Transcribe the listing exactly, so that nothing but the pictures is missing.

| Supplied data |
=======
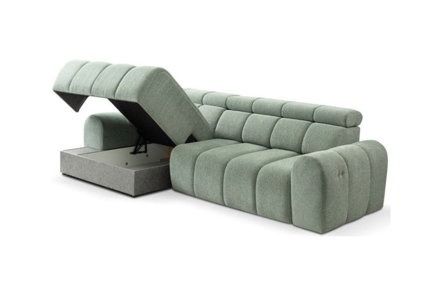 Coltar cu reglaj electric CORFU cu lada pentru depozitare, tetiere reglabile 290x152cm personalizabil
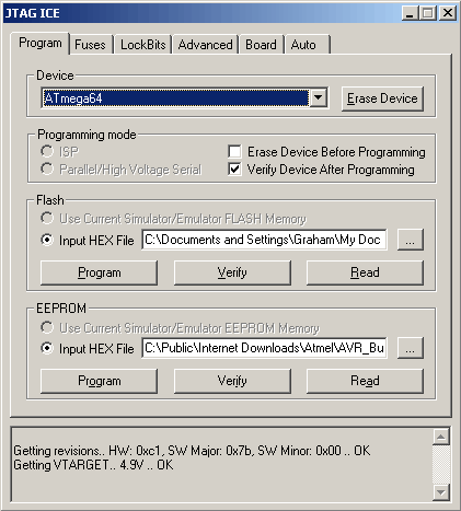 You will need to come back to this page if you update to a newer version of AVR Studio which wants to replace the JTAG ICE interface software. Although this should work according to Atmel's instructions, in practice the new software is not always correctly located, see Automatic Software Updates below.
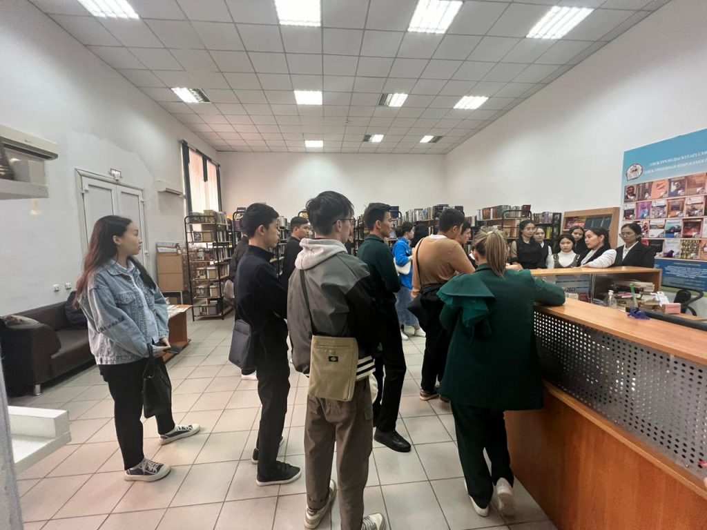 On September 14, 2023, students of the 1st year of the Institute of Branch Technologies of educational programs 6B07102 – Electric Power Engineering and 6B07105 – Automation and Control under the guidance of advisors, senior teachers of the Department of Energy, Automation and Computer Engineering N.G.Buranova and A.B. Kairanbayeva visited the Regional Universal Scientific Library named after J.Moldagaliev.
=======
| Result of this exercise |
 Coltar cu reglaj electric CORFU cu lada pentru depozitare, tetiere reglabile 290x152cm personalizabil
 You will need to come back to this page if you update to a newer version of AVR Studio which wants to replace the JTAG ICE interface software. Although this should work according to Atmel's instructions, in practice the new software is not always correctly located, see Automatic Software Updates below.
 On September 14, 2023, students of the 1st year of the Institute of Branch Technologies of educational programs 6B07102 – Electric Power Engineering and 6B07105 – Automation and Control under the guidance of advisors, senior teachers of the Department of Energy, Automation and Computer Engineering N.G.Buranova and A.B. Kairanbayeva visited the Regional Universal Scientific Library named after J.Moldagaliev.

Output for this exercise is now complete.